Lebanese Parliament Speaker Nabih Berri, in Beirut, Lebanon,May 11, 2018. (AP Photo/Hussein Malla)

His critics accuse him of having abused his position to amass a colossal personal fortune and protesters in recent days bashed him and his wife Randa as some of the most egregious examples of Lebanon’s patronage system.

Since 1992, he has shared power in the Shiite community with the Hezbollah terror group led by Hassan Nasrallah, who is a cleric and has never been a state official, though he wields enormous political and military power.

Walid Jumblatt

The heir of one of Lebanon’s oldest political dynasties, the 70-year-old Druze leader took over from his father Kamal, who was assassinated in 1977.

Also a former warlord, Jumblatt long headed the Progressive Socialist Party and is a towering figure in the Druze minority.

He was nicknamed “the chameleon” for his ability to shift alliances and navigate Lebanon’s ruthless political game.

Agiant poster depicting Lebanese Druze Leader Walid Jumblatt hangs on the side of a building in the capital Beirut, Lebanon, October 15, 2019 . (Joseph Eid/AFP)

Some protesters see Walid Jumblatt as a symbol of the feudal nature of Lebanese politics.

As head of the Druze community, he used to hold open hearings at his Mukhtara residence in his Chouf mountain fiefdom every weekend, though his son Taymour has now taken over these duties.

His PSP currently sits in government and Jumblatt also “passed on” his parliament seat to his son Taymour last year.

Geagea, Frangieh, Gemayel

Samir Geagea, 66, rose to prominence during the civil when he took over the leadership of the Lebanese Forces militia.

He opposed Syria’s occupation of Lebanon and in 1994 became the first civil conflict warlord to be jailed. He was released 11 years later and returned to the political fray.

He was accused by another Christian leader, pro-Syrian Suleiman Frangieh, of complicity in the 1978 murder of his parents and sister, an allegation the LF have denied.

Samir Geagea, leader of the Lebanese Forces group, right, shakes hands with Sleiman Frangieh of the Marada Party, left, as they stand next to the Lebanese Maronite Patriarch Cardinal Bechara al-Rai, at the Maronite church in Bkirki, northeast of Beirut, Lebanon, November 14, 2018. (Aldo Ayoub/Lebanese Forces media office via AP)
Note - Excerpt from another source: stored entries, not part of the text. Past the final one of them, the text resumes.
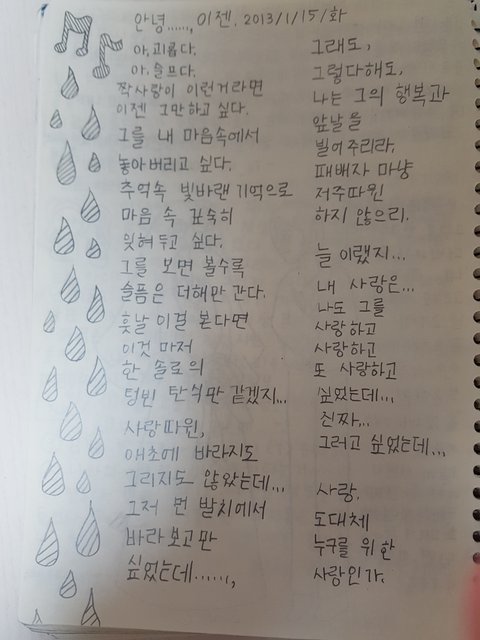와 미쳤다ㅋㅋㅋ 옛날 공책 정리하다가 초6때 짝사랑에 가슴 아파하며 쓴 시를 찾아냄ㅋㅋㅋㅋㅋㅋㅋ 혼자 부끄러워서 계속 끅끅 거리고 있다... 나보다 더 엄청난 흑역사 소유자 있니? 톡선되면 이 문제의 남자애에 대한 짝사랑 후기 올린다ㅋㅋㅋ
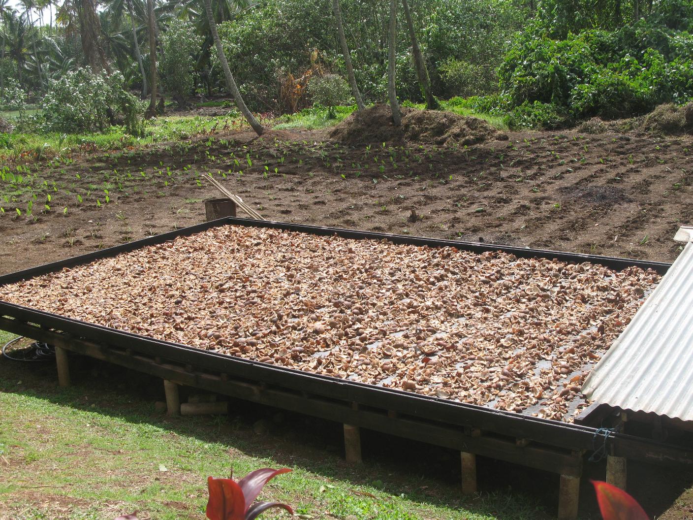 La Copra es la pulpa seca del coco. En la Polinesia hay cocoteros por castigo. Para la obtención de la copra se pela el coco, se le quita la cáscara y se abre por la mitad. Se deja secar un poco para poder extraer la pulpa troceándola, se extiende sobre unas superficies planas al aire libre y se cubre por las noches para que no coja humedad. Una vez seca la pulpa se lleva a las fábricas donde se hierve o se vaporiza, para obtener el aceite de coco. Con el aceite se fabrican jabones y es parte integrante de muchos productos cosméticos. También se utiliza en alimentación, margarinas, bollería, chocolate, leche en polvo, quesos...... etc. Los residuos de la obtención del aceite se emplean como pienso y alimento muy nutritivo para el ganado. Las fibras que recubren el coco se emplean en la fabricación de cepillos, en rellenos de tapicería o en la confección de felpudos. Las cáscaras se queman como leña o para hacer hogueras que ahuyenten los mosquitos e insectos de las plantaciones de otros productos.
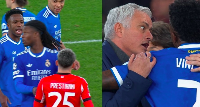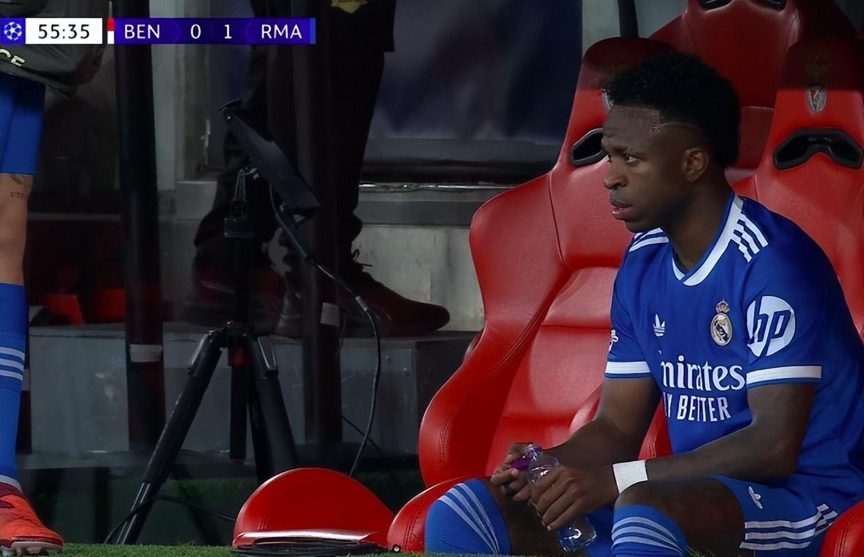 到了场边,维尼修斯还和本菲卡主帅穆里尼奥进行了交流,他贴着穆帅的耳朵说话,似乎是在告诉穆帅究竟发生了什么。
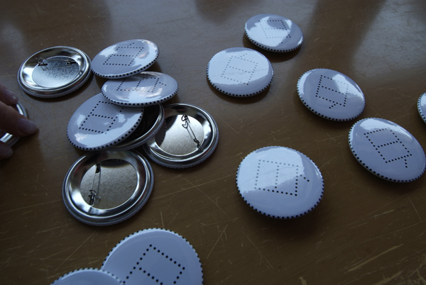 無理を言って、「白」の外にある点線で描かれた円を、バッジを折り曲げるギリギリのラインにまでもってきました。これにより立体的に見えるようになり、「白」が少し胸を張っているようで、誇らしげにしている感じがしませんか?個人的には、とてもお気に入りなので、秋に開催するイベントの時に再製作したいと思います(予約受け付けます!)。
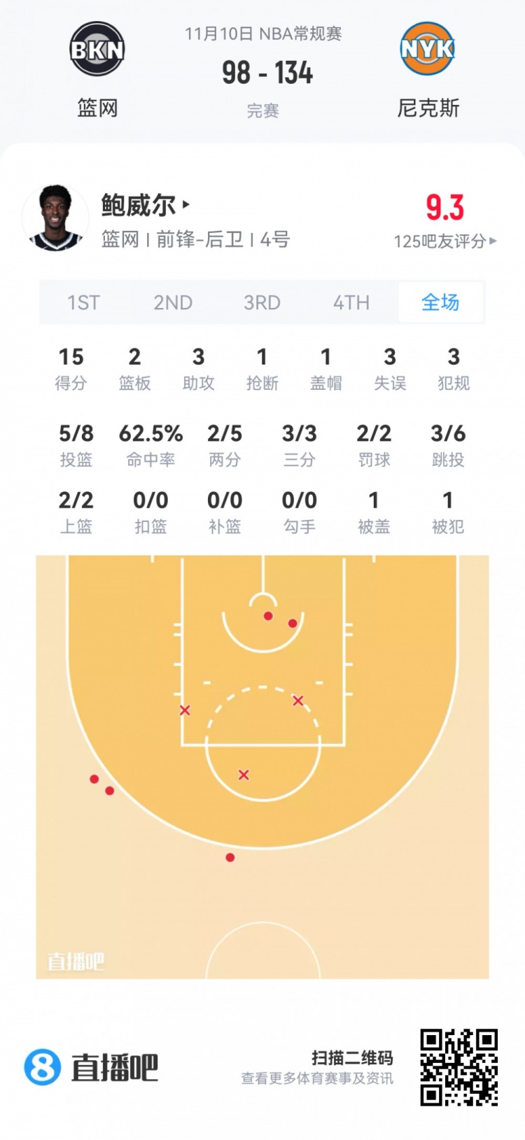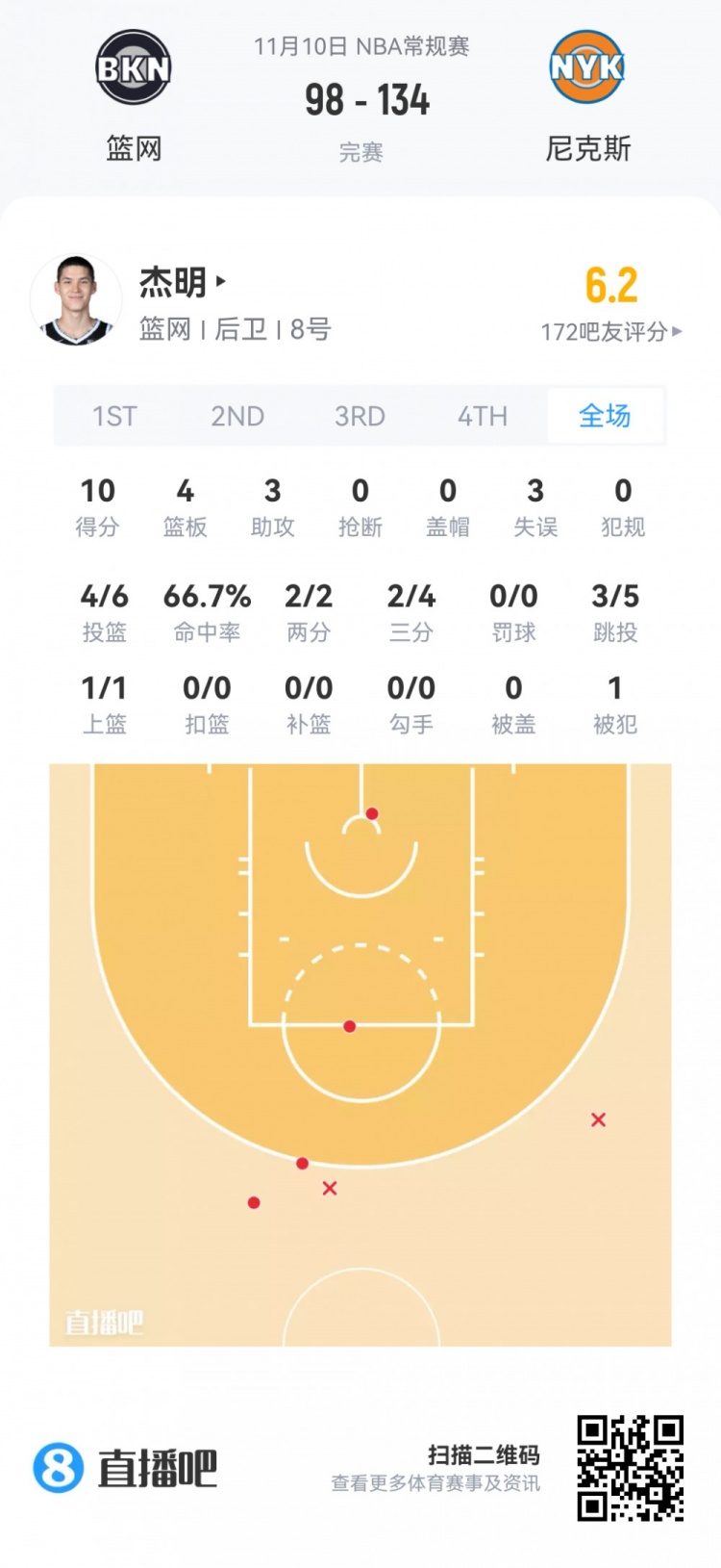 篮网8号秀叶戈尔·杰明登场25.5分钟
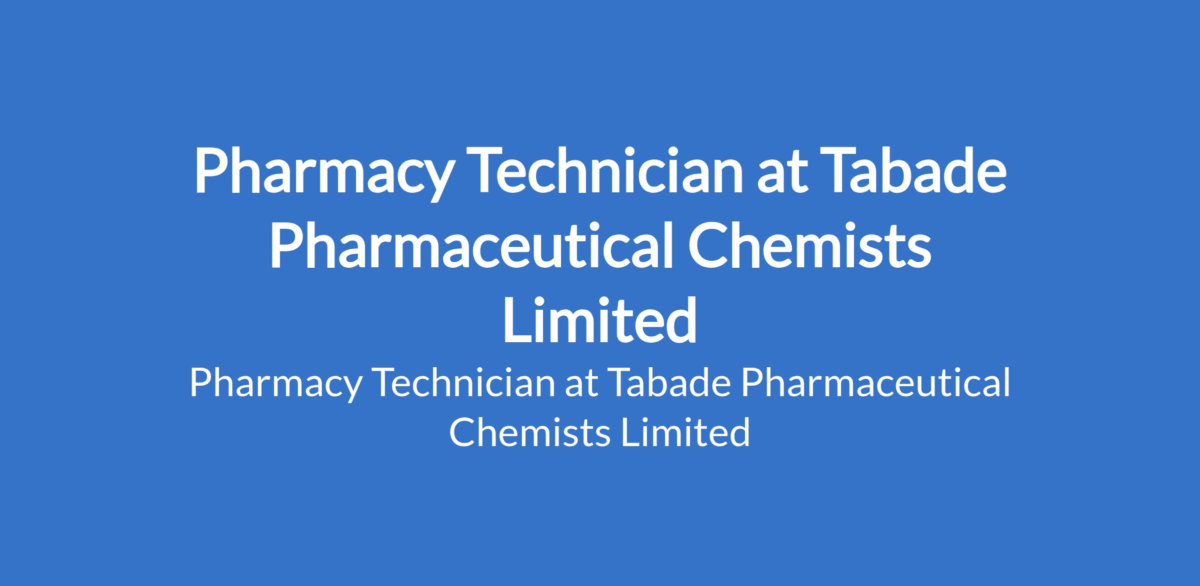 Tabade Pharmaceutical Chemists Limited is recruiting to fill the position of: Pharmacy Technician. The position is located in Lagos State. Interested candidates should possess relevant qualifications with experience and must reside within and around Yaba, Ebute Metta, Shomolu, Bariga and Akoka (Akoka and Bariga preferred).
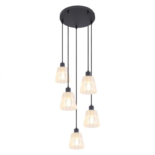 Fekete színű fém vázas függeszték lámpa textil kábellel és mintás, átlátszó üveg búrával.
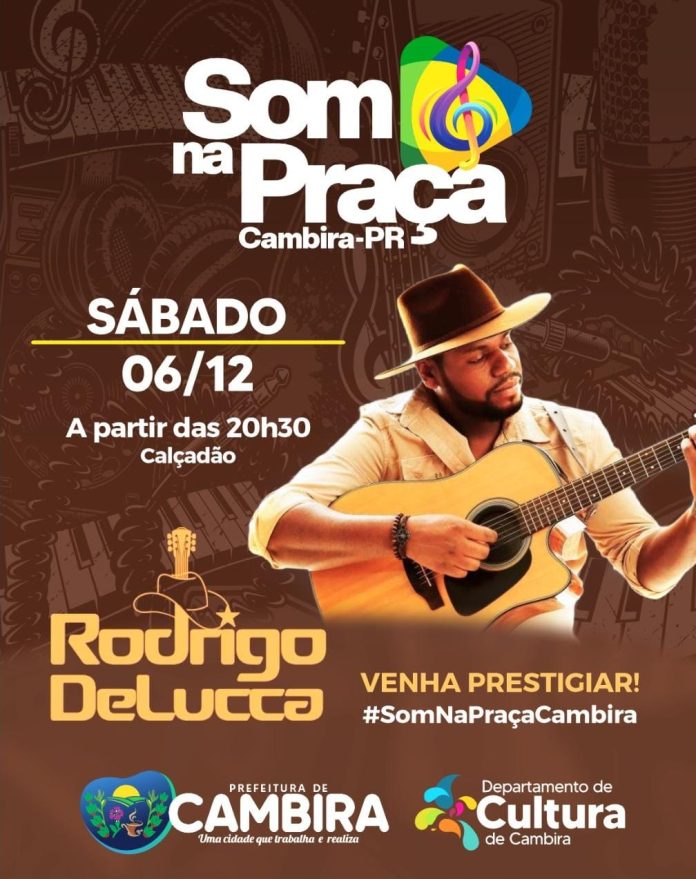 A Prefeitura de Cambira, por meio do Departamento de Cultura, realiza neste sábado, 06 de dezembro, mais uma edição do Som na Praça. O evento acontece no Calçadão, a partir das 20h30, e contará com a apresentação do artista Rodrigo DeLucca, levando música e entretenimento ao público presente.
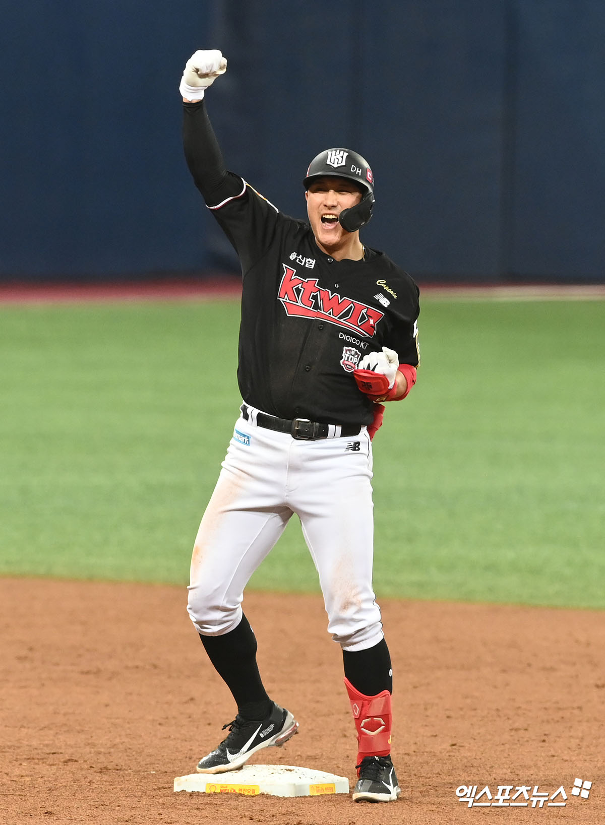 (엑스포츠뉴스 고척, 고아라 기자) 18일 오후 서울 구로구 고척스카이돔에서 열린 '2021 신한은행 SOL KBO리그' 포스트시즌 두산 베어스와 KT 위즈의 한국시리즈 4차전 경기, 2회초 1사 2루 KT 황재균이 1타점 적시타를 날린 뒤 세리머니를 하고 있다.

Geagea and Frangieh publicly reconciled last year.

The Gemayel dynasty, another major Christian political clan, is represented by Sami Gemayel.

A lawmaker, he is the son of Amine Gemayel, who was president for six years during the war, and heads the Kataeb (Phalange) party.

His cousin Nadim Gemayel, the son of Bachir Gemayel who had been president for less than a month when he was assassinated in 1982, is also an MP.